The data is to be repeated exactly, with the images removed.

• DATASET EXCERPT:
┌──

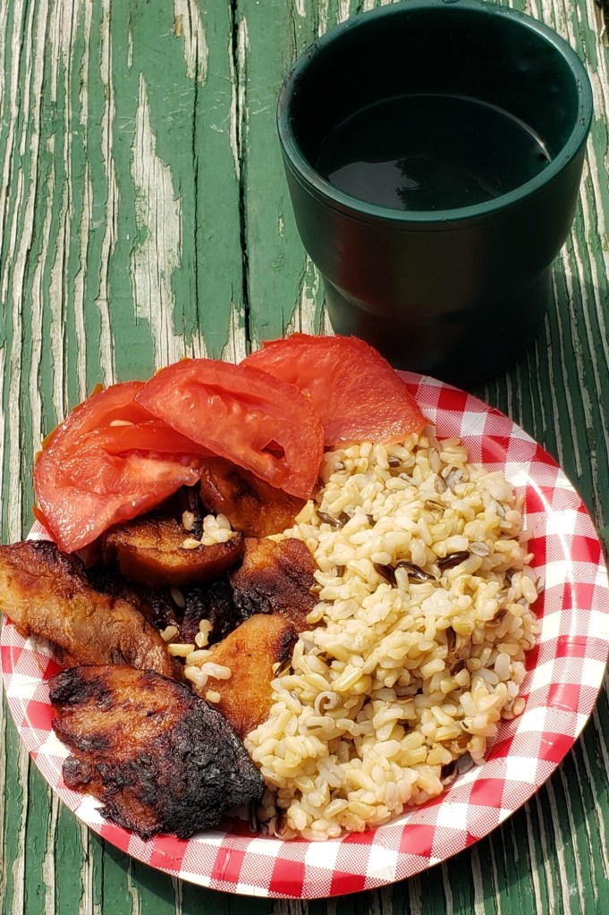 Almost this entire section of the lake is thickly covered in green algae. I’ve heard Canada geese, great blue herons, owls, cardinals, crows, blue jays, woodpeckers & many others. The condition of the lake is probably keeping a lot of the campers & boaters away. The wildlife inhabitants are loving it! The humans, not so much. π€·ββοΈ Maddie & I walked a short trail behind our campsite. I think this tree had the lead role in the Wizard of Oz!My current view from the tent. Maddie always gets herself tangled up within 3 minutes! πBreakfast this morningβ£ I had bought almost a pound of fully cooked ham & decided to grill it this morning. I glazed it with Mike’s Hot Honey, which is honey infused with hot chili peppers! I bought a tiny jar to try several weeks ago & now I wish I’d bought a large jar! It’s DELICIOUS & I’m not usually a fan of hot or spicy foods. I added red delicious apple slices & green onion cheese. And of course, coffee. Full disclosure: This is Wendy. π I haven’t been kidnapped and/or brainwashed! Most of my family & friends know that I’ve never really been interested in doing much cooking…until this adventure! Now, I’m LOVING it! I’ve always believed that food cooked outside tastes better & I’ve proven my point!I don’t have refrigeration & my cooler isn’t efficient, at all. If I splurge & buy something that needs refrigeration, I have to use it up very quickly. So, here’s my early supper! I finished up the ham & added a wild & brown rice combination, along with fresh, local tomatoes.
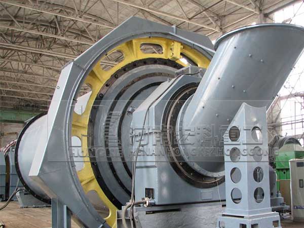 原煤由喂料設(shè)備進(jìn)入到磨機(jī)的進(jìn)料裝置中,溫度為300℃左右的熱風(fēng)也通過進(jìn)風(fēng)管進(jìn)入進(jìn)料裝置,含有水分的原煤在此處就開始進(jìn)行熱交換;當(dāng)原煤進(jìn)入磨機(jī)的烘干倉時(shí),由于烘干倉內(nèi)設(shè)有特制的揚(yáng)料板將原煤揚(yáng)起,使得原煤在此處進(jìn)行強(qiáng)烈的熱交換而得到烘干,烘干后的煤塊通過設(shè)有揚(yáng)料板的雙層隔倉板進(jìn)入粉磨倉。粉磨倉內(nèi)裝有研磨體(鋼球),煤塊在此倉內(nèi)被粉碎、研磨成煤粉。在煤塊被粉碎的同時(shí),由專用的引風(fēng)機(jī)經(jīng)過磨機(jī)的出料裝置將已粉碎的煤粉及氣體一同帶出磨機(jī),較粗的顆粒會(huì)經(jīng)過出料裝置的返料螺旋返回到粉磨倉內(nèi)進(jìn)行再次粉磨。
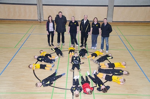 vl. Trainerin (FSJ) Svenja Menningen, Sponsor Markus Wiemann, Betreuerin Verena Winter, Trainer Franz Buchholz, Trainerin Ute Schmitz und Stellvertreter Jens Winter für die Firma Polymetall ...
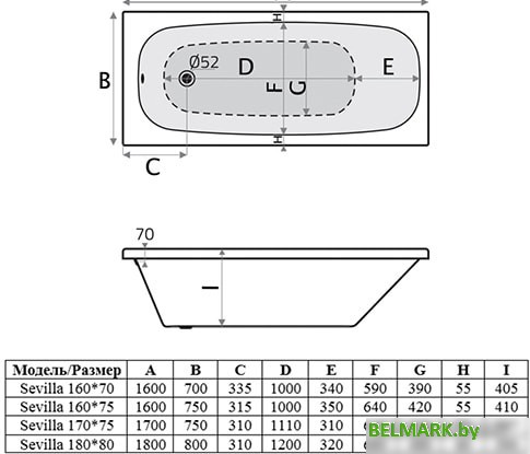 Ванна Alba Spa Sevilla 170x75 (с ножками и экраном) - купить в Минске

└──

• FINISHED TASK:
 Almost this entire section of the lake is thickly covered in green algae. I’ve heard Canada geese, great blue herons, owls, cardinals, crows, blue jays, woodpeckers & many others. The condition of the lake is probably keeping a lot of the campers & boaters away. The wildlife inhabitants are loving it! The humans, not so much. π€·ββοΈ Maddie & I walked a short trail behind our campsite. I think this tree had the lead role in the Wizard of Oz!My current view from the tent. Maddie always gets herself tangled up within 3 minutes! πBreakfast this morningβ£ I had bought almost a pound of fully cooked ham & decided to grill it this morning. I glazed it with Mike’s Hot Honey, which is honey infused with hot chili peppers! I bought a tiny jar to try several weeks ago & now I wish I’d bought a large jar! It’s DELICIOUS & I’m not usually a fan of hot or spicy foods. I added red delicious apple slices & green onion cheese. And of course, coffee. Full disclosure: This is Wendy. π I haven’t been kidnapped and/or brainwashed! Most of my family & friends know that I’ve never really been interested in doing much cooking…until this adventure! Now, I’m LOVING it! I’ve always believed that food cooked outside tastes better & I’ve proven my point!I don’t have refrigeration & my cooler isn’t efficient, at all. If I splurge & buy something that needs refrigeration, I have to use it up very quickly. So, here’s my early supper! I finished up the ham & added a wild & brown rice combination, along with fresh, local tomatoes.
 原煤由喂料設(shè)備進(jìn)入到磨機(jī)的進(jìn)料裝置中,溫度為300℃左右的熱風(fēng)也通過進(jìn)風(fēng)管進(jìn)入進(jìn)料裝置,含有水分的原煤在此處就開始進(jìn)行熱交換;當(dāng)原煤進(jìn)入磨機(jī)的烘干倉時(shí),由于烘干倉內(nèi)設(shè)有特制的揚(yáng)料板將原煤揚(yáng)起,使得原煤在此處進(jìn)行強(qiáng)烈的熱交換而得到烘干,烘干后的煤塊通過設(shè)有揚(yáng)料板的雙層隔倉板進(jìn)入粉磨倉。粉磨倉內(nèi)裝有研磨體(鋼球),煤塊在此倉內(nèi)被粉碎、研磨成煤粉。在煤塊被粉碎的同時(shí),由專用的引風(fēng)機(jī)經(jīng)過磨機(jī)的出料裝置將已粉碎的煤粉及氣體一同帶出磨機(jī),較粗的顆粒會(huì)經(jīng)過出料裝置的返料螺旋返回到粉磨倉內(nèi)進(jìn)行再次粉磨。
 vl. Trainerin (FSJ) Svenja Menningen, Sponsor Markus Wiemann, Betreuerin Verena Winter, Trainer Franz Buchholz, Trainerin Ute Schmitz und Stellvertreter Jens Winter für die Firma Polymetall ...
 Ванна Alba Spa Sevilla 170x75 (с ножками и экраном) - купить в Минске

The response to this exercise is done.